EndWar received mixed to positive reviews. The Guardian gave the game a 4/5.
It was praised for its "Highly addictive solo play...the game comes into its own with the massively multiplayer online Theatre of War." while being docked somewhat for "occasional voice recognition blip".
The website www.gametrailers.com gave EndWar a 9/10 saying that it was "Console strategy done right."
IGN rated EndWar as an 8 out of 10 taking marks away for the "Uninspired single player campaign" but still saw it as a more than solid RTS.
Gamespot's Kevin VanOrd rated the PS3 version of EndWar as a 7.5 out of 10, praising its "Innovative voice command mechanic" and stating "Persistent online campaign makes matches feel meaningful" but berated it for its lack of story and "simple rock-paper-scissors skirmishes".
1Up and Electronic Gaming Monthly both gave the game a C.

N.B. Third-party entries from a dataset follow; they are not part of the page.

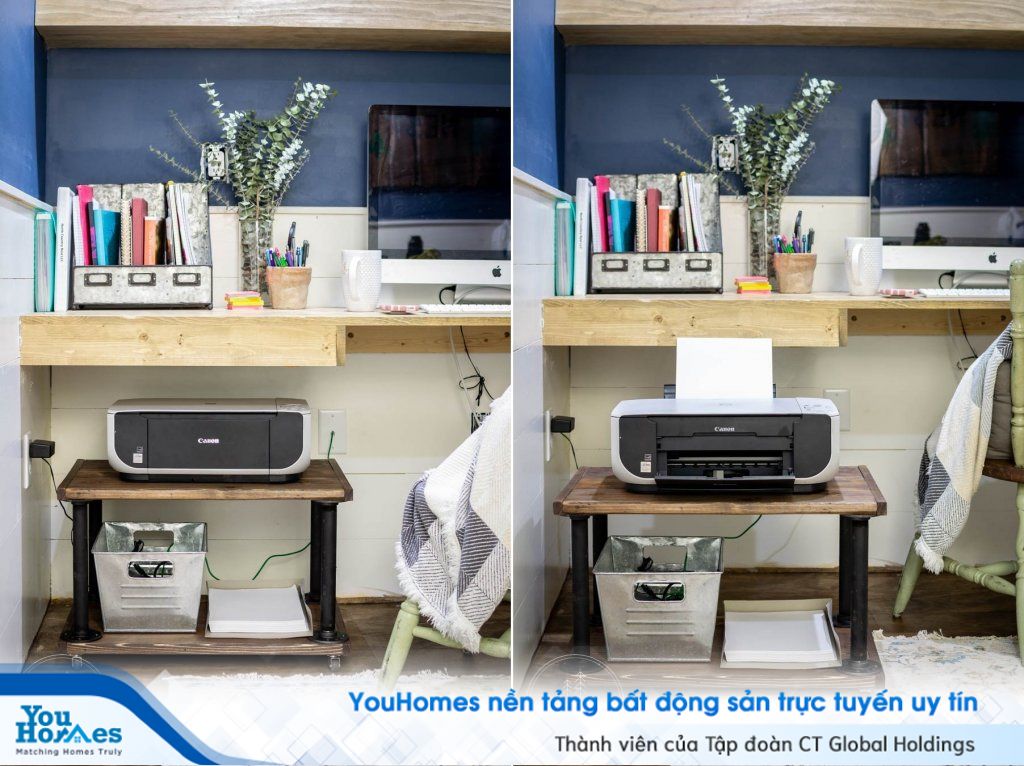 Với máy in trong phòng làm việc, khi không sử dụng hãy đặt nó dưới bàn làm việc. Bằng cách này bạn sẽ giải phóng không gian trên bàn làm việc của bạn.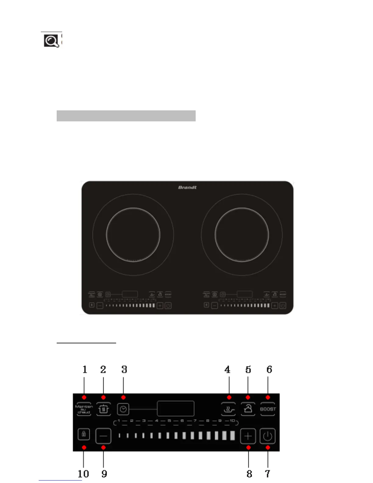 Brandt TI2FSOFT - Appliance Presentation; Induction Cooker Description; Control Panel Overview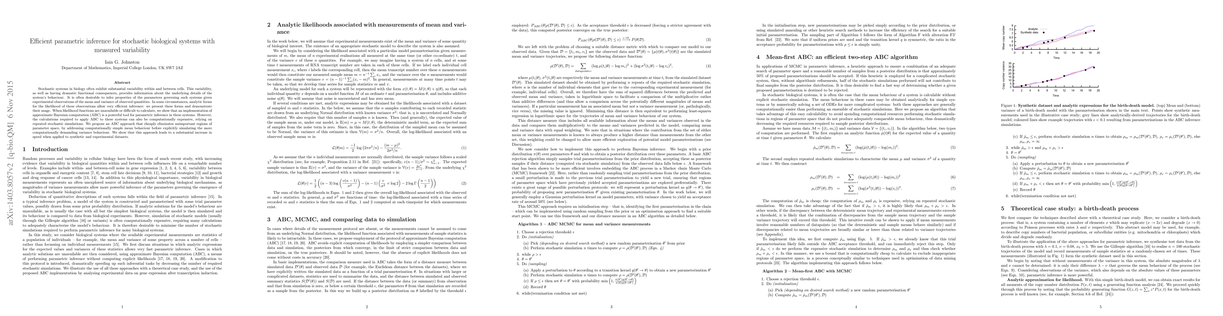 Stochastic systems in biology often exhibit substantial variability within and between cells. This variability, as well as having dramatic functional consequences, provides information about the underlying details of the system's behaviour. It is often desirable to infer properties of the parameters governing such systems given experimental observations of the mean and variance of observed quantities. In some circumstances, analytic forms for the likelihood of these observations allow very efficient inference: we present these forms and demonstrate their usage. When likelihood functions are unavailable or difficult to calculate, we show that an implementation of approximate Bayesian computation (ABC) is a powerful tool for parametric inference in these systems. However, the calculations required to apply ABC to these systems can also be computationally expensive, relying on repeated stochastic simulations. We propose an ABC approach that cheaply eliminates unimportant regions of parameter space, by addressing computationally simple mean behaviour before explicitly simulating the more computationally demanding variance behaviour. We show that this approach leads to a substantial increase in speed when applied to synthetic and experimental datasets.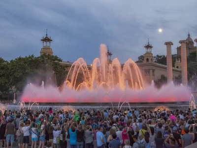 Магический фонтан Монжуика Волшебный фонта́н Монжуика (исп. Fuente mágica de Montjuic, кат. Font màgica de Montjuïc) — фонтан, расположенный на холме Монжуик в Барселоне (Испания). Волшебный фонтан был построен ко Всемирной выставке 1929 года в Барселоне в футуристическом стиле в форме эллипса по проекту местного инженера Карлоса Буигаса. Вплоть до 1992 года сооружение обходилось без реконструкции и радовало горожан и гостей столицы Каталонии разве что подсветкой. Но перед Олимпиадой-1992 фонтаны решено было сделать одним из символов города, добавив музыкальное сопровождение. Более 3000 рабочих воплотили грандиозный проект в жизнь всего за год. К чаше от двух башен на Площади Испании тянутся каскады фонтанов с подсветкой. Со всех сторон площади возле водной феерии звучат изящные музыкальные мотивы, под которые 3620 струй исполняют свой завораживающий танец. В год фонтан Монжуик посещает порядка 2,5 млн человек. |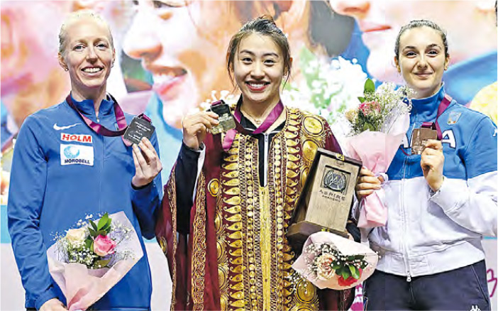 【明報專訊】重劍大獎賽多哈站昨煞科,23歲港將佘繕妡在女子個人賽過關斬將,於決賽以15:7擊敗愛沙尼亞隊星將迪菲特(Nelli Differt),成為繼江旻憓及張家朗之後,港隊史上第3人在大獎賽奪金。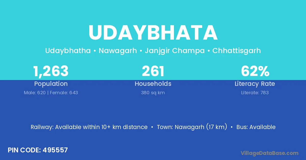 Nawagarh (17 km) is the nearest town to Udaybhata village for major economic activities and is located approximately 17 km away.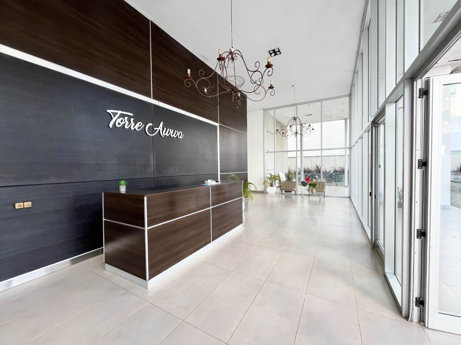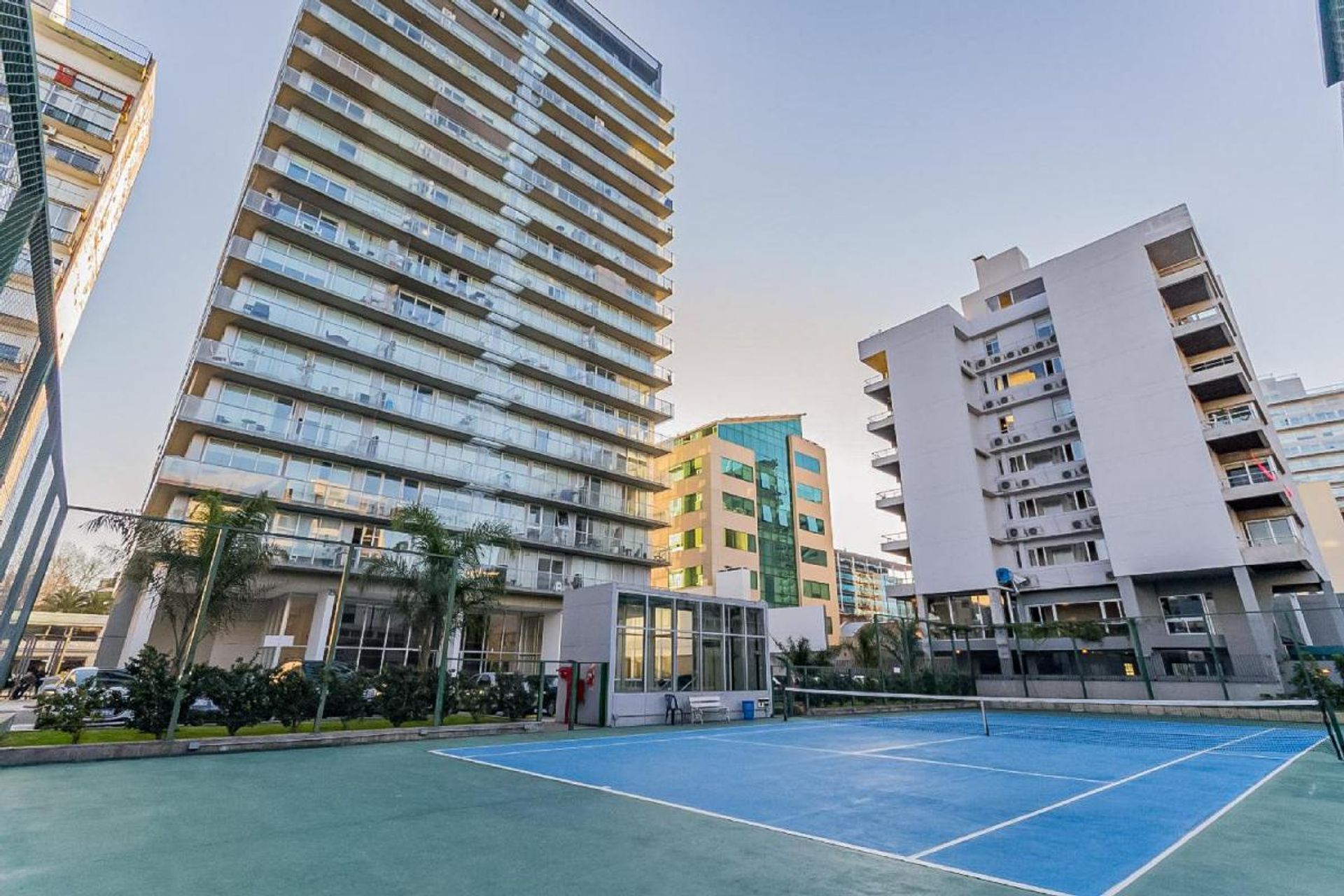 El edificio ofrece una gama de amenidades de alto nivel: piscina cubierta climatizada con vestuario, piscina descubierta en el piso 19 con vistas al río, terraza con parrilla y mesas para reuniones, cancha de tenis, gimnasio, área para niños, lavandería y espacio para bicicletas. La seguridad se mantiene las 24 horas mediante garita y circuito cerrado de televisión.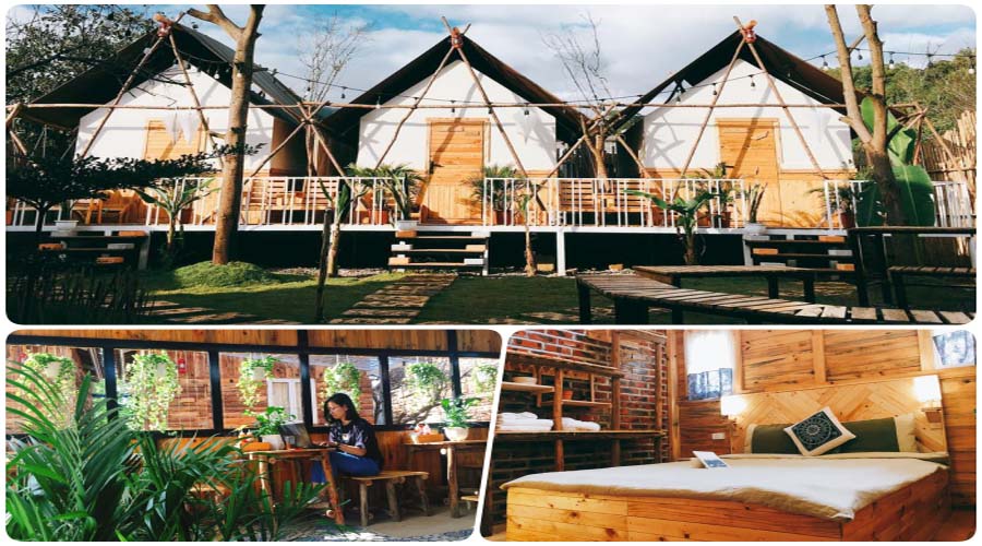 -    Nhà bìa gỗ (tháng 3): 720.000VNĐ/đêm/căn (từ thứ 2 – thứ 6) và 820.000VNĐ/đêm/căn (cuối tuần). Trong phòng có 2 giường to, nhà vệ sinh, nhà tắm biệt lập.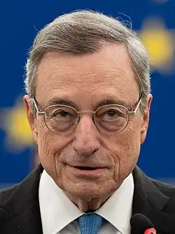 Mario Draghi GColIH (Roma, 3 de setembro de 1947) é um banqueiro, político, economista italiano e ex-primeiro-ministro do seu país (Governo Draghi).[2] Anteriormente, foi ainda presidente do Banco da Itália de 2006 a 2011 e presidente do Banco Central Europeu de 2011 a 2019.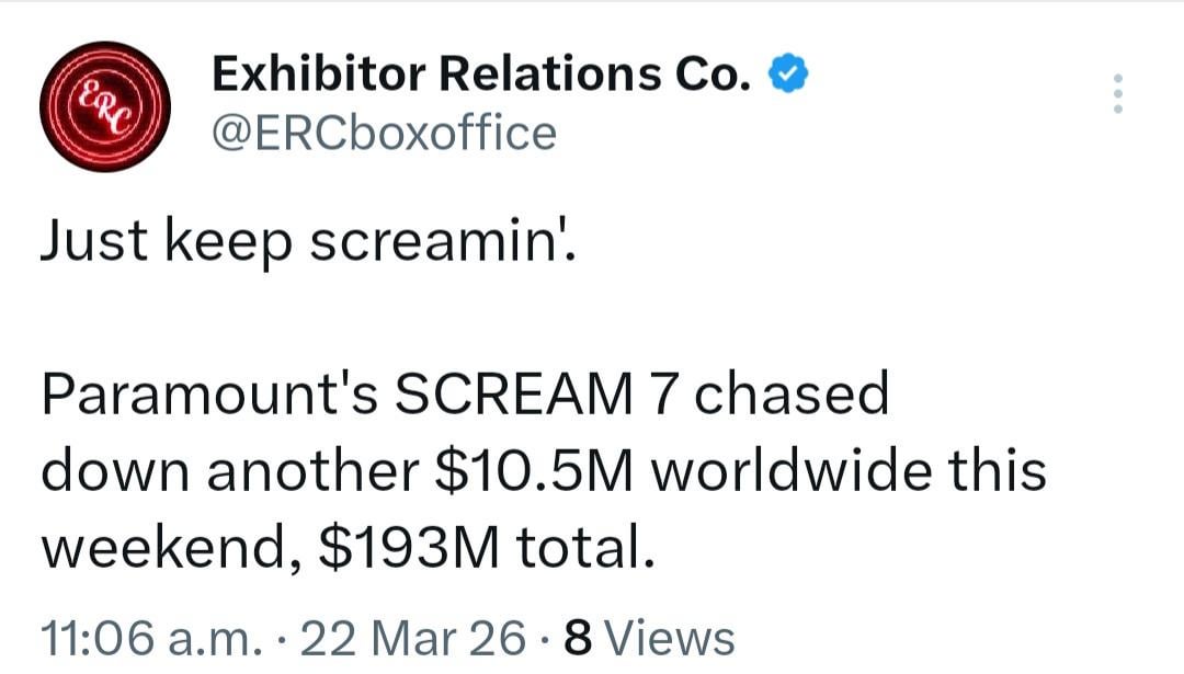 New record for Scream internationally! More than Scream 3’s $72.7MM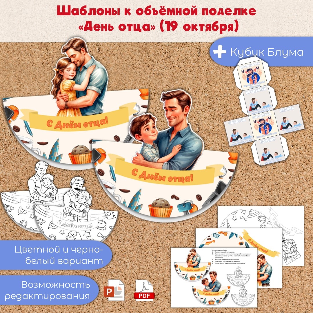Шаблон к объемной поделке «День отца» (19 октября). Материал содержит шаблоны для изготовления поделок и инструкцию по их изготовлению. Подходит для проведения воспитательных мероприятий, тематических и внеурочных занятий, направленных на выражение признательности и уважения к отцам, а также на осознание значимости семейных ценностей. В комплект входит: Какие идеи и темы можно реализовать с помощью данного комплекта материалов: Файл в формате PDF и PPTX. Есть возможность редактирования. Каждая деталь в формате png. Можно менять размеры всех деталей.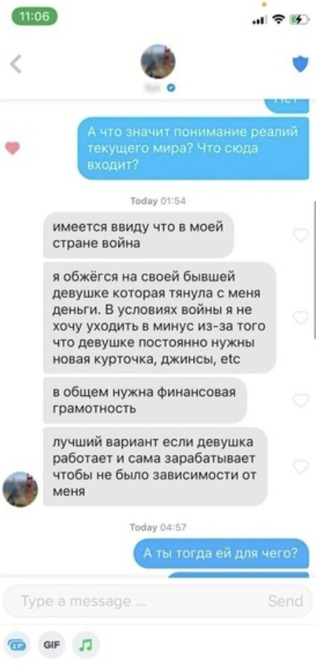 Поэтому да, как на скриншоте. “В условиях войны я не хочу уходить в минус из-за того, что девушке постоянно нужны новая курточка, джинсы, еtс.”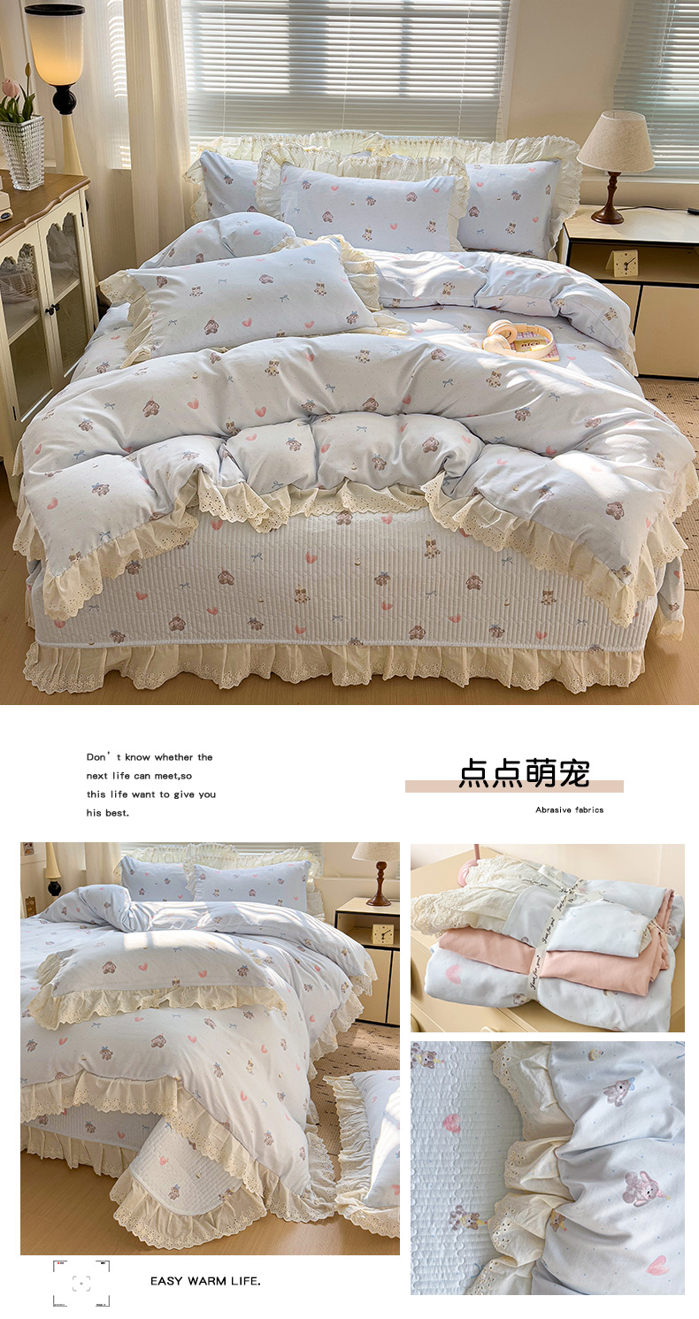 当前位置: 91家纺网 > 商品网购 > 床品套件 > 四件套 > 双层纱四件套 > 富米莱(原臻工厂) 2025新款A类针织双层纱花边款四件套床盖四件套 点点萌宠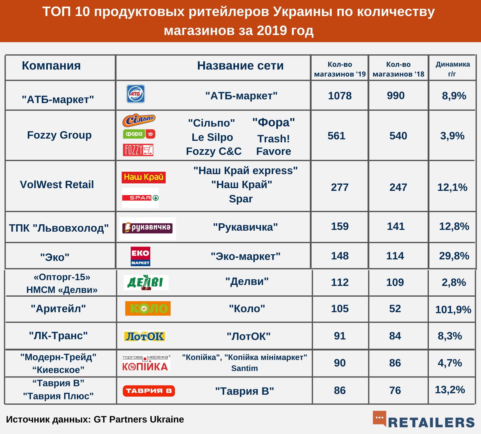 Исследовательская компания GT Partners Ukraine подготовила традиционный отчет о торговых операторах украинского рынка FMCG-ритейла и темпах их развития в 2019 году. Как сообщил портал Retailers со ссылкой на информацию аналитиков, по состоянию на конец 2019-го лидером по количеству магазинов в украинском продуктовом ритейле оставалась сеть АТБ-Маркет, объединявшая 1078 магазинов. В тройке лидеров также разместились группы Fozzy (Сільпо, Фора, Le Silpo, Thrash!, Fozzy C&C, Favore) и Volwest (Наш Край, Spar), которые к концу года насчитывали 561 и 277 магазинов соответственно.

During the 12th Annual Interactive Achievement Awards, the Academy of Interactive Arts & Sciences nominated Tom Clancy's EndWar for "Strategy/Simulation Game of the Year" and "Outstanding Achievement in Gameplay Engineering".

Aggregate scores
| Aggregator | Score |
|---|---|
| GameRankings | 70.36% (DS) 68.00% (PC) 77.76% (PS3) 69.67% (PSP) 78.13% (X360) |
| Metacritic | 69% (DS) 68% (PC) 76% (PS3) 68% (PSP) 77% (X360) |

Review scores
| Publication | Score |
|---|---|
| 1Up.com | C |
| Famitsu | 34/40 (X360) |
| Game Informer | 7.75/10 |
| GameSpot | 7.5/10 (PS3) |
| Official Xbox Magazine (US) | 8.0/10 |

==Cancelled sequel==
A sequel to the game was confirmed to be in the early stages of development by Ubisoft's creative director Michael De Plater in an interview with VideoGamer.com. A small team from Ubisoft Shanghai is in charge of the development, he said, and "is concentrating on two areas of improvement – single-player story and depth". He could not, however, place a date as to when more information on the sequel would be released. On February 8, 2010, it was announced that the development of the sequel was canceled, due to the game's commercial failure.

On September 10, 2013, Ubisoft announced that Ubisoft Shanghai is working on EndWar Online for Windows and OS X, a browser-based free-to-play multiplayer online battle arena game which was released on December 3, 2015, however it was shut down indefinitely on October 31, 2016.